"""
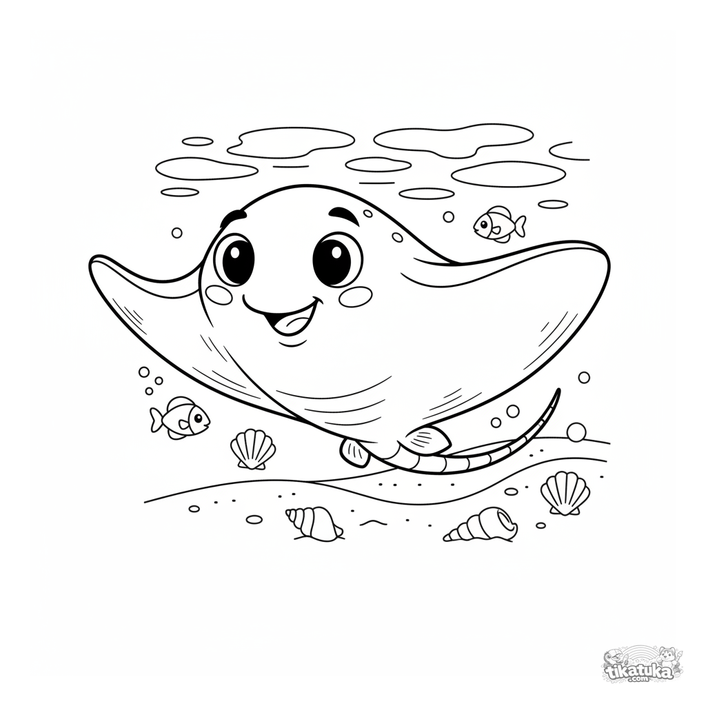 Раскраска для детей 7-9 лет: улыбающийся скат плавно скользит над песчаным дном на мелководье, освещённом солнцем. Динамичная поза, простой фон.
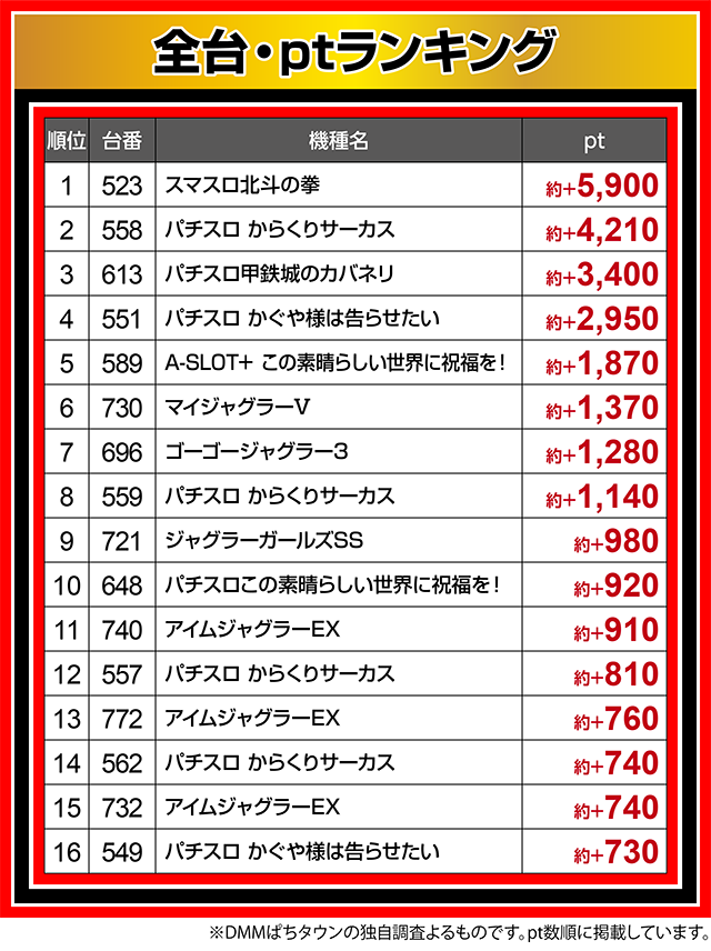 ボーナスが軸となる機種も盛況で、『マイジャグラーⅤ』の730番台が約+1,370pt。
"""
"""
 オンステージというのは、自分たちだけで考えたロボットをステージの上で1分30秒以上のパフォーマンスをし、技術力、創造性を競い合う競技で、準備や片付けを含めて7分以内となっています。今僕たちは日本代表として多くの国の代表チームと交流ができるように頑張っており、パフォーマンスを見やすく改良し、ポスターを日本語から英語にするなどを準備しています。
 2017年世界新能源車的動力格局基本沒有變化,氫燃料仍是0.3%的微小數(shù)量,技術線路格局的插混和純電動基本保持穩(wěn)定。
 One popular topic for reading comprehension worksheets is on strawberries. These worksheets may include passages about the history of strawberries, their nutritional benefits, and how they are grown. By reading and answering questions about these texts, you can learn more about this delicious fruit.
"""
"""
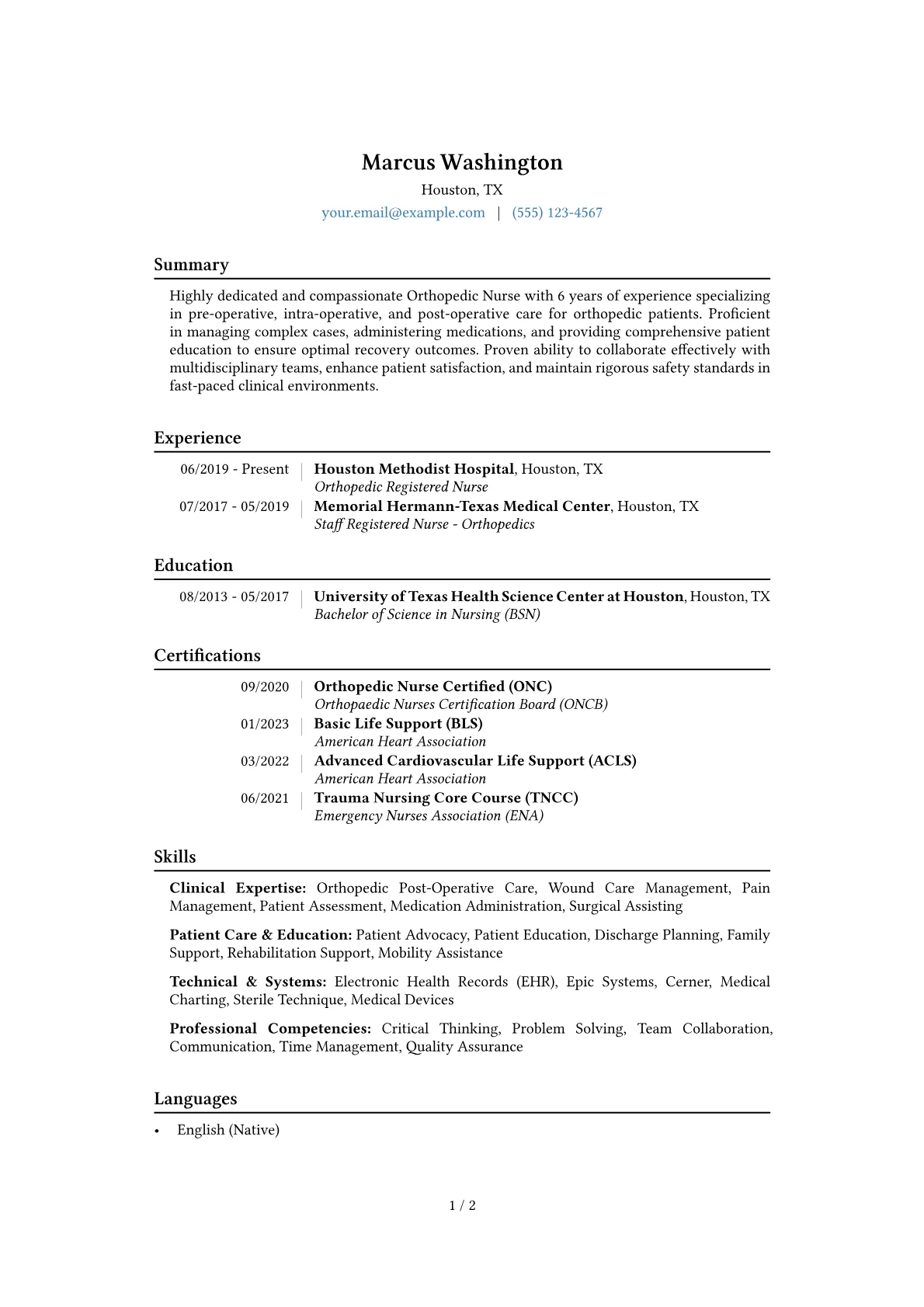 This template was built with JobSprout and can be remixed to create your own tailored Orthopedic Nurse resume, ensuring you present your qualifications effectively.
"""
» REQUIRED WORK
Beginning at the line with "オンステージというのは、自分" and ending at the line with "One popular topic", reproduce each line of the data above exactly, and add no other lines.

» RESULT
 オンステージというのは、自分たちだけで考えたロボットをステージの上で1分30秒以上のパフォーマンスをし、技術力、創造性を競い合う競技で、準備や片付けを含めて7分以内となっています。今僕たちは日本代表として多くの国の代表チームと交流ができるように頑張っており、パフォーマンスを見やすく改良し、ポスターを日本語から英語にするなどを準備しています。
 2017年世界新能源車的動力格局基本沒有變化,氫燃料仍是0.3%的微小數(shù)量,技術線路格局的插混和純電動基本保持穩(wěn)定。
 One popular topic for reading comprehension worksheets is on strawberries. These worksheets may include passages about the history of strawberries, their nutritional benefits, and how they are grown. By reading and answering questions about these texts, you can learn more about this delicious fruit.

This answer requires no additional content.